“Le critiche pubbliche del Pd, nazionali e regionali, in questo post-elezioni non sono state un bello spettacolo”, così l’analisi del sindaco di Ruda, Franco Lenarduzzi. “Si corre solo il rischio di alimentarne il malcontento e le fratture. Anche se la dialettica è tutto sommato normale: come nello sport, quando si perde la partita, la ricerca di capri espiatori e di responsabilità è prevedibile. Ma occorre, per chi è più che spettatore, andare oltre: non solo guardando alla forma di ciò che è accaduto, ma alla sostanza”.
“Mi riferisco alle condizioni della discesa in campo, oggettivamente improponibili per l’ampio divario di forze a sostegno delle coalizioni a confronto. Si dirà che anche le alleanze elettorali sono frutto di decisioni politiche e, come tali, anch’esse soggette a critiche. Però, che altra disponibilità avrebbe dovuto promuovere il Pd oltre a quella dimostrata in questa condizione?”, prosegue Lenarduzzi.
“Si potranno criticare superficialità, sbagli, ma non di certo la generosità dell’averci provato, in un contesto che, come quello della caduta del governo Draghi, aveva annullato ogni coordinata. Osservatori, opinionisti, leader politici a noi vicini, da sempre trovano nella scorciatoia della critica distruttiva verso il Pd una facile prassi. Quasi a non volergli perdonare di riuscire ad attraversare ogni tempesta e di mantenere, comunque, quella percentuale significativa per farne baricentrico di qualsiasi progetto alternativo alla destra”.
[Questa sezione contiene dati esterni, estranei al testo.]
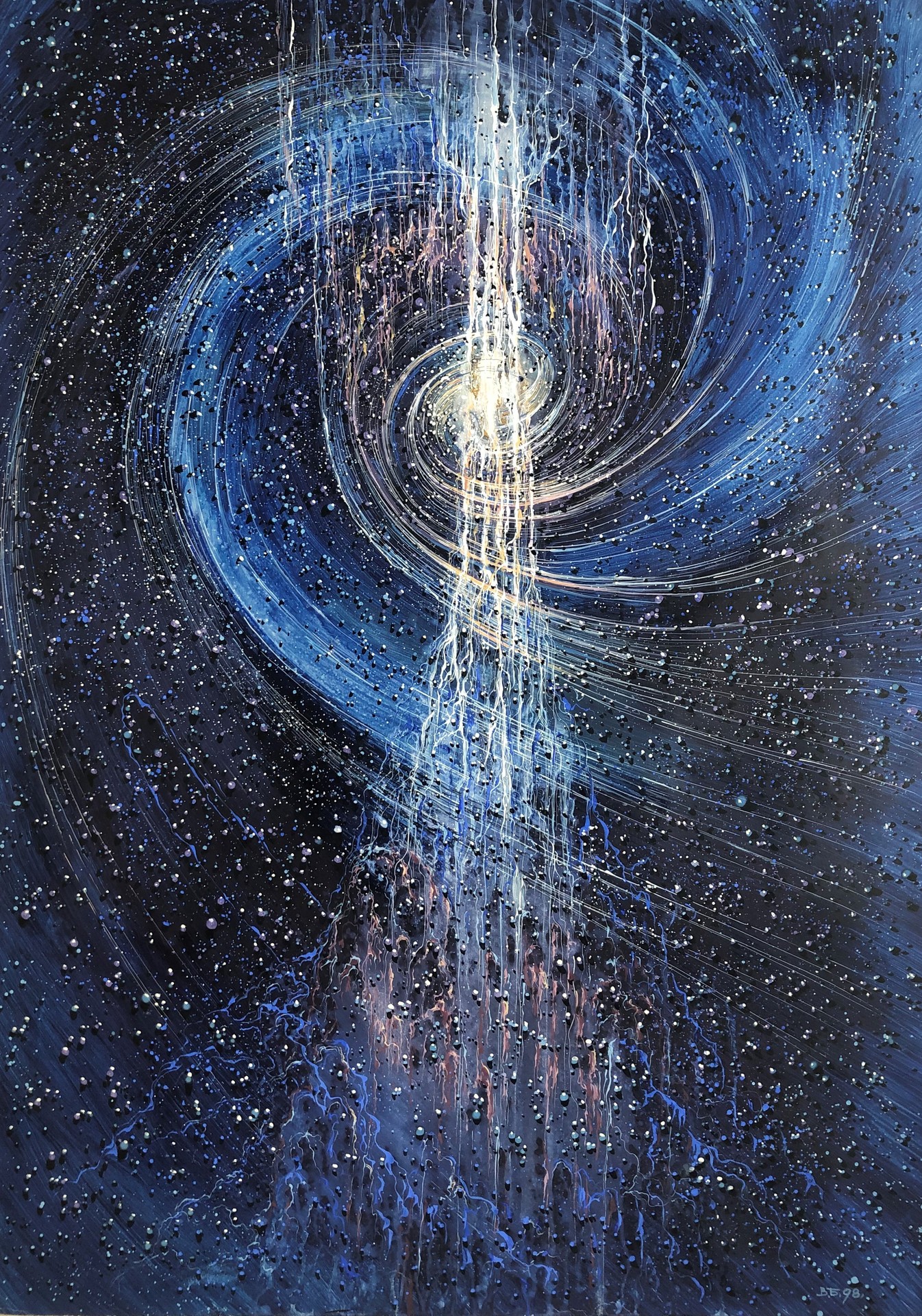 Триптих. Лист 2. Космос для художника, архитектора, философа Болдырева Василия был живой материальной субстанцией, и он определял его для себя, как «космос физический», «космос философский», «космос литературно-поэтический» и т.д. Самое большое количество работ Василия Федоровича посвящено именно Космосу. Сейчас в программах о Вселенной, о Космосе очень часто показывают завораживающие снимки «живого космоса», полученные с помощью самой современной техники. В то время, когда творил свои работы Василий Федорович, таких снимков не было. Но если сравнить работы Василия Федоровича, посвященные Космосу, и эти, современные фотографии живого космоса, то похожесть их несомненна. Чаще всего Василий Федорович работал ночью и непонятно (или понятно?) кто вкладывал в него эти видения.

“Il risultato di questa critica è che flussi di elettori drenano dal Pd in direzione di liste già comunicanti, mancando l’obiettivo di allargare il consenso a elettori nuovi o coinvolgendo la partecipazione degli astenuti. Sta per partire una fase congressuale storicamente decisiva, che coinvolgerà anche gli assetti regionali, per formalizzare la chiusura di un ciclo e determinarne necessariamente l’apertura di uno nuovo. Analisi e autocritiche, a differenza che in passato, dovranno essere – in quella sede e stavolta inequivocabilmente! – schiette e dirette, foriere di un dibattito vero, severo, ma costruttivo e generativo: identità, organizzazione, leadership, rapporto con i territori, relazioni con gli stakeholder (economici, sociali, culturali) saranno oggetto di un confronto che dovra ridisegnare il Dna della nostra comunità e il nostro modo di essere rappresentativi. Ed è quello che ci si augura soprattutto l’intera regione”.
“Lo si faccia. Partendo, malgrado tutto, da quella concretezza che anima le nostre comunità, dove tanti bravi amministratori operano con competenza e passione. La nostra organizzazione, seppure apparentemente ammaccata, ha in sé le migliori risorse umane e ideali. Sì riparta da qui per creare percorsi nuovi, per contribuire alla costruzione di una visione alternativa alla destra per una regione viva, veramente autonoma, forte, e non una contea periferica del Veneto”, conclude Lenarduzzi.